EXERCISE: In the entries below, find the line with "Private Pilates instructor" and the line with "DONGFENG 5cbm Mutfak"; reproduce those two lines and all lines between them exactly, without pictures.

SUPPLIED RECORDS:
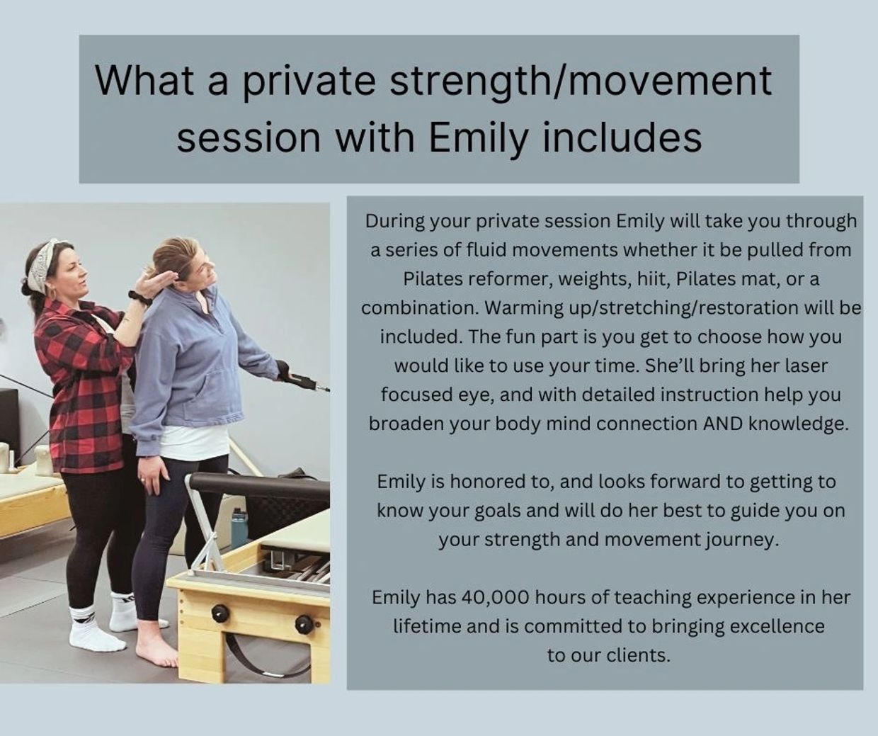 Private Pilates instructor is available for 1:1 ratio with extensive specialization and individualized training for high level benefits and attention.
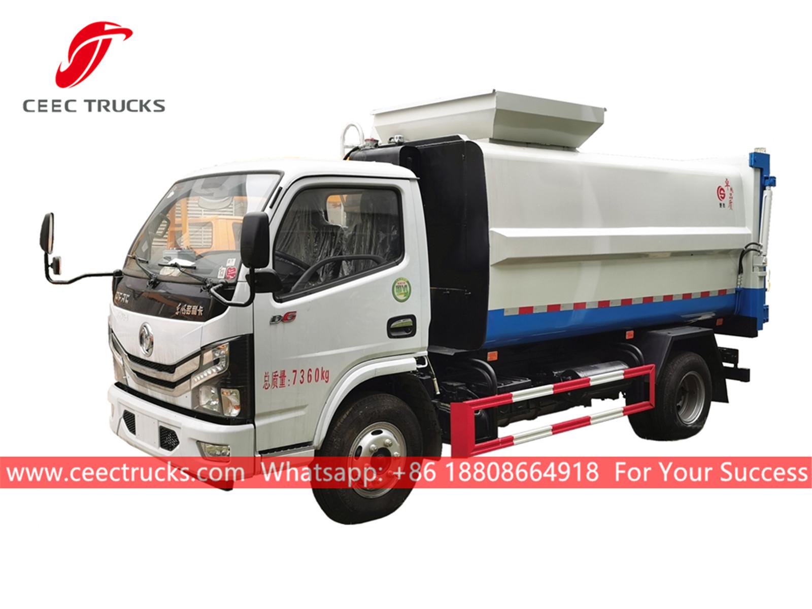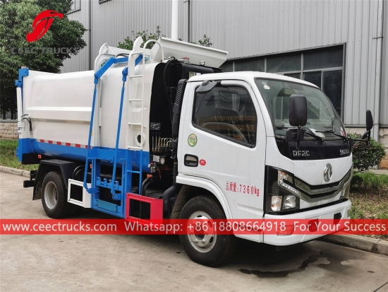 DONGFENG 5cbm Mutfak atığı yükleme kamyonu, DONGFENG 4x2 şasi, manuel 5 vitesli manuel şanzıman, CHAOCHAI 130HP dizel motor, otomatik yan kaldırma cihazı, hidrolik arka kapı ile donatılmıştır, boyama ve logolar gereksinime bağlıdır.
--
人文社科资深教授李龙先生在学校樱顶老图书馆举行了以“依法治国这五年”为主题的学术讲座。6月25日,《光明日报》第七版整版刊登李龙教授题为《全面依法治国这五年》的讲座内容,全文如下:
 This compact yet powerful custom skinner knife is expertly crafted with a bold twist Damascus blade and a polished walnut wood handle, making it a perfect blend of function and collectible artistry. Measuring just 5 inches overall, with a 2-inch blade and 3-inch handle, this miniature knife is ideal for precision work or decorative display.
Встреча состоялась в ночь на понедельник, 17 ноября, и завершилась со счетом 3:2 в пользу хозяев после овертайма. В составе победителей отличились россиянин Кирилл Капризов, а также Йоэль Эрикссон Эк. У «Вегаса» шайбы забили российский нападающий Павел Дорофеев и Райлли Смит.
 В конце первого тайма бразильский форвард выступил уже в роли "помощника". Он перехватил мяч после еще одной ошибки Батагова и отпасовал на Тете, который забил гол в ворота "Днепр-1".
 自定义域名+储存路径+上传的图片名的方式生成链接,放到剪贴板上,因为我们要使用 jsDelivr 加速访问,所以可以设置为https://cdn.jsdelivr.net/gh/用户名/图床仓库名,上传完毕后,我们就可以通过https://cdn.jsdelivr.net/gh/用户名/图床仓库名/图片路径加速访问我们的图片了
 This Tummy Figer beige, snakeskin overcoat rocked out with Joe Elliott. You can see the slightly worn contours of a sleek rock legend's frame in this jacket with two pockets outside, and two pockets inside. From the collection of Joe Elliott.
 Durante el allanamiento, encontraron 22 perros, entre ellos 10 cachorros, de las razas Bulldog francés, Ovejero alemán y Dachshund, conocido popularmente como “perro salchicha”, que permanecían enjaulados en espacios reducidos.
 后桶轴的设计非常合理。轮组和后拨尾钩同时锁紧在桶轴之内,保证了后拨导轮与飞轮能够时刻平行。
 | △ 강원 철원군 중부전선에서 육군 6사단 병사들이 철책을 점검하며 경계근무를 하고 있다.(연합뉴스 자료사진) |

ANSWER TO THIS EXERCISE:
 Private Pilates instructor is available for 1:1 ratio with extensive specialization and individualized training for high level benefits and attention.
 DONGFENG 5cbm Mutfak atığı yükleme kamyonu, DONGFENG 4x2 şasi, manuel 5 vitesli manuel şanzıman, CHAOCHAI 130HP dizel motor, otomatik yan kaldırma cihazı, hidrolik arka kapı ile donatılmıştır, boyama ve logolar gereksinime bağlıdır.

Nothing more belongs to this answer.